Важнейшим опытом сопротивления небытию для «незамеченного поколения» стала Вторая мировая война. В автобиографической повести «Семь лет», а затем в романе «Ожидание» Варшавский опишет собрания литературно-философского объединения «Круг» (1935–1939) как место, где сошлись старшее и младшее поколения русского Парижа. Выбор идеолога и создателя «Круга», видного общественного деятеля русского зарубежья Ильи Фондаминского, а также участников Георгия Адамовича, Бориса Вильде, матери Марии, Владимира Алексинского и других в пользу «Резистанса» стал еще одной формой борьбы за «другую реальность». Насколько принципиальным для Владимира Варшавского было участие во Второй мировой войне против нацистской Германии подтверждает его воинский путь. Эта веха в судьбе писателя настолько значительна, что о ней стоит сказать отдельно.

В сентябре 1939 года Варшавский записался добровольцем во французскую армию, в недолгой «странной войне» не только побывал в боях, но и проявил солдатскую доблесть, оставшись последним на линии огня при защите Булонской цитадели. По документам, отложившимся в фонде писателя[117 - См.: Дом русского зарубежья им. А. Солженицына. Архивное собрание. Ф. 291.], и по исследованиям, посвященным военным событиям тех лет[118 - За предоставленные сведения выражаю признательность Сергею Владимировичу Дыбову. См. также об этом: Меллентин Ф. В. Танковые сражения 1939–1945 гг. М.: Иностр, лит., 1957; Bataille G. Le Boulonnais dans la Tourmente. Coubron: Pierru, 1969. T. 1: La dеfaite de Mai 1940; Horne A. To Lose a Battle – France 1940 – revised and updated. New York; London: Penguin Books, 1990.], следует, что Варшавский сперва воевал в составе 19-го полка 22-й дивизии, расположенной на бельгийской границе в городе Живе. После прорыва немецкой армии под Седаном, когда немцы взяли в один гигантский котел миллион человек, началось массированное отступление французов. Изо дня в день окруженные французские части, слабея под ударами совершенной немецкой военной машины, отступали к морю, и 14 мая бои завершились поражением. У союзников и французской армии оставались еще три ключевых порта – Булонь, Кале и Дюнкерк. Варшавский примкнул к дивизии, которую перебросили в Булонь. Финальные бои за город начались 22 мая 1940 года и закончились 25-го. Атаки на Булонь шли с юга и с запада вдоль берега, постепенно сужаясь до сражений в крепости, где и оказался Владимир Варшавский. В целом бои шли 36 часов, все это время у французов не было воды и питания, водопровод был разрушен, заканчивались боеприпасы. После очередной массированной немецкой атаки французы сложили оружие, однако части, находившиеся в замке, об этом не знали, продолжая оказывать сопротивление, и сдались только после приказа командира дивизии. Одним из солдат, сражавшихся до последнего за Булонскую крепость, был будущий автор «Незамеченного поколения».

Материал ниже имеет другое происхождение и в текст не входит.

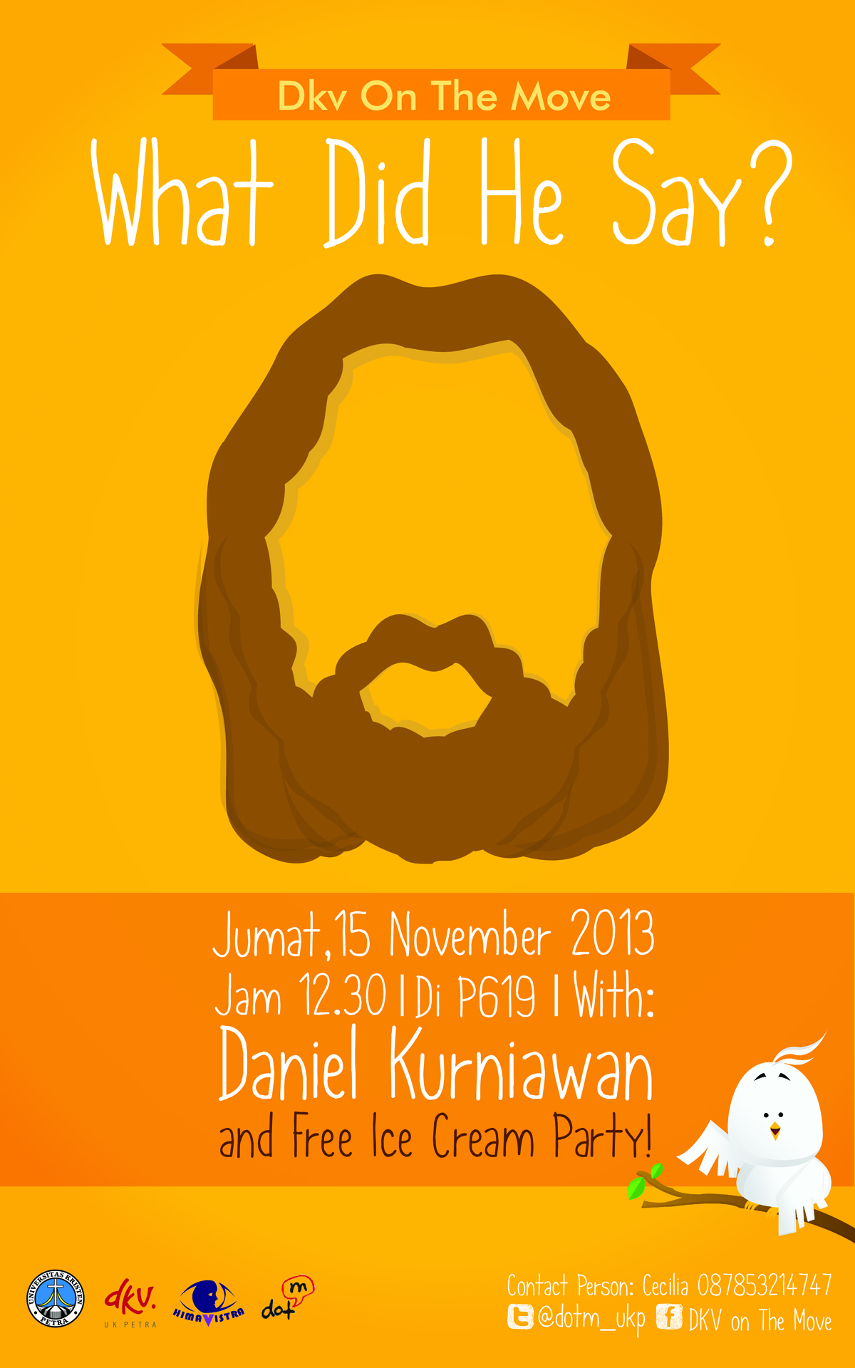 DKV On The Move mengadakan Persekutuan Program Studi dengan tema “What Did He Say?”, dengan pembicara Daniel Kurniawan. Kegiatan dilaksanakan pada hari Jumat, 12.30 bertempat di P.619.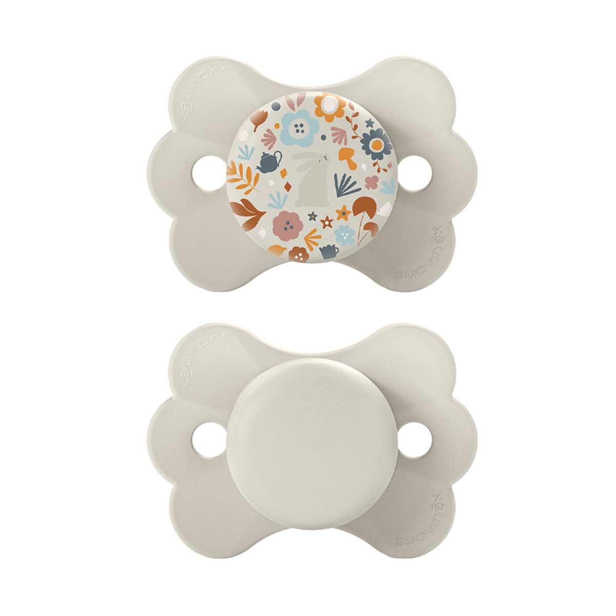 Пустышки выполнены из ультрамягкого силикона с пескоструйной обработкой и имеют плоскую симметричную соску SX Pro, которая анатомически правильно располагается во рту ребенка, не препятствуя естественному развитию ротовой полости и прикуса.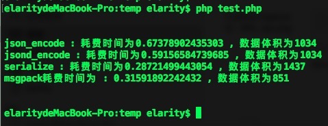 <?php// 故意搞了一個還算大的php數組,更容易看出差距來$arr=array(array('uid'=> 22193123,'gender'=>'famale','username'=>'elarity','password'=> md5('www123'),'relation'=>array(array('uid'=> 22193123,'gender'=>'famale','username'=>'elarity','password'=> md5('www123'),),array('uid'=> 22193123,'gender'=>'famale','username'=>'elarity','password'=> md5('www123'),),array('uid'=> 22193123,'gender'=>'famale','username'=>'elarity','password'=> md5('www123'),),array('uid'=> 22193123,'gender'=>'famale','username'=>'elarity','password'=> md5('www123'),),array('uid'=> 22193123,'gender'=>'famale','username'=>'elarity','password'=> md5('www123'),),array('uid'=> 22193123,'gender'=>'famale','username'=>'elarity','password'=> md5('www123'),),array('uid'=> 22193123,'gender'=>'famale','username'=>'elarity','password'=> md5('www123'),),array('uid'=> 22193123,'gender'=>'famale','username'=>'elarity','password'=> md5('www123'),),array('uid'=> 22193123,'gender'=>'famale','username'=>'elarity','password'=> md5('www123'),),),));// 每種序列化方案都執行100000次$counter= 100000;// json序列化方案,執行100000次echoPHP_EOL.PHP_EOL;$start= microtime( true );for($i= 1;$i<=$counter;$i++ ){$json= json_encode($arr);}$size=strlen($json);$end= microtime( true );$cost_time=$end-$start;echo"json_encode : 耗費時間為{$cost_time} , 數據體積為{$size}".PHP_EOL;// jsond序列化方案,執行100000次$start= microtime( true );for($i= 1;$i<=$counter;$i++ ){$jsond= jsond_encode($arr);}$size=strlen($jsond);$end= microtime( true );$cost_time=$end-$start;echo"jsond_encode : 耗費時間為{$cost_time} , 數據體積為{$size}".PHP_EOL;// serialize序列化方案,執行100000次$start= microtime( true );for($i= 1;$i<=$counter;$i++ ){$serialize= serialize($arr);}$size=strlen($serialize);$end= microtime( true );$cost_time=$end-$start;echo"serialize : 耗費時間為{$cost_time} , 數據體積為{$size}".PHP_EOL;// msgpack序列化方案,執行100000次$start= microtime( true );for($i= 1;$i<=$counter;$i++ ){$msgpack= msgpack_pack($arr);}$size=strlen($msgpack);$end= microtime( true );$cost_time=$end-$start;echo"msgpack耗費時間為 : {$cost_time} , 數據體積為{$size}".PHP_EOL;echoPHP_EOL.PHP_EOL;
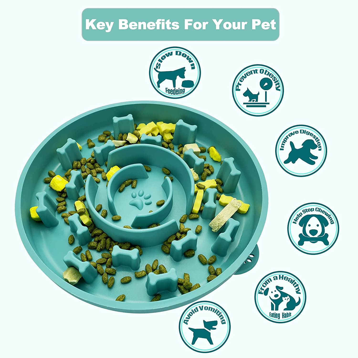 Innovative design: The suction cup at the bottom of the dog slow feeding bowl effectively prevents the bowl from moving or dumping on the floor; the soft silicone slow feeding bowl will not harm the pet's nose.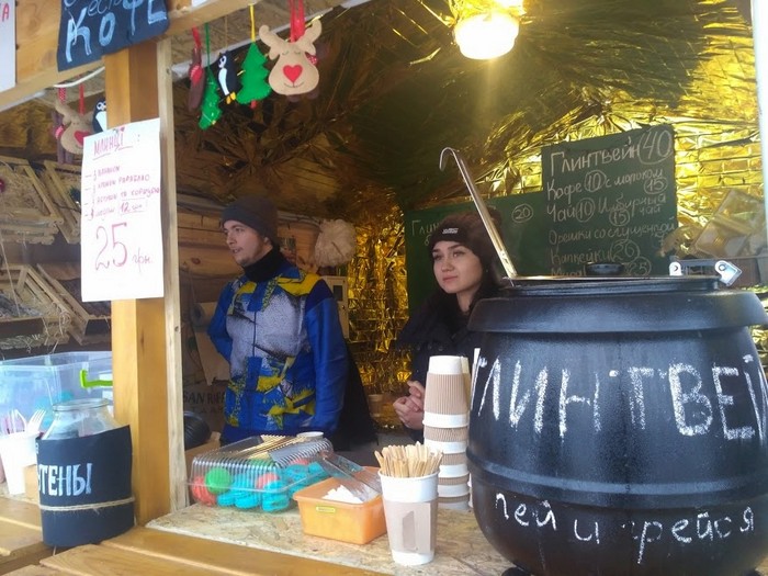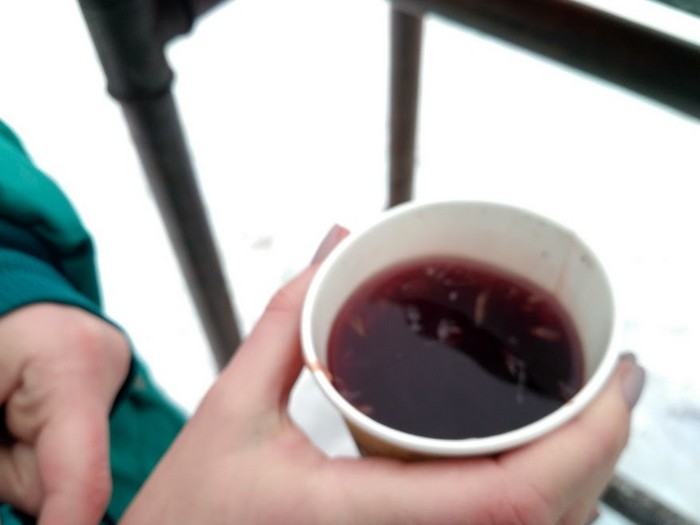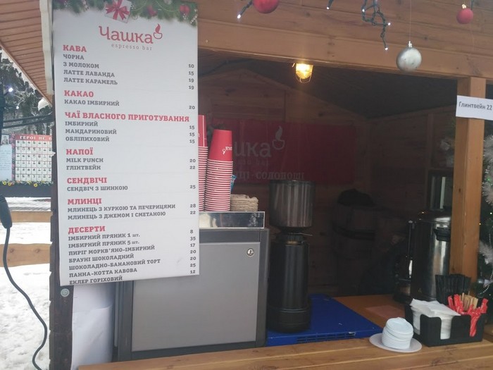Щодо цін: я обрала глінтвейн за 30 грн. (до слова, були як дешевші – за 22, 25, так і дорожчі – по 40 грн.). Мій напій привабив тим, що варився в казанку на дровах.

После поражения французских войск Варшавский провел пять долгих лет в немецком плену, а по окончании войны 8 января 1947 года был награжден известной французской наградой – Военным крестом с серебряной звездой (Croix de guerre avec Etoile d’Argent). Военные события писатель воспроизвел в автобиографической прозе (цикл военных рассказов, повесть «Семь лет» и роман «Ожидание»). Символично описание одного из боев и переживаний главного героя в эти дни: «В первый раз в жизни я делал что-то, признаваемое всеми нужным и важным, в первый раз у меня было место в человеческом обществе, ия не испытывал моего всегдашнего страха, что я живу не так, как все. Наоборот, у меня было теперь спокойное чувство укрепленности моей жизни в чем-то достоверном и прочном»[119 - Варшавский В. Ожидание // Варшавский В. С. Ожидание: проза, эссе, литературная критика. С. 113.].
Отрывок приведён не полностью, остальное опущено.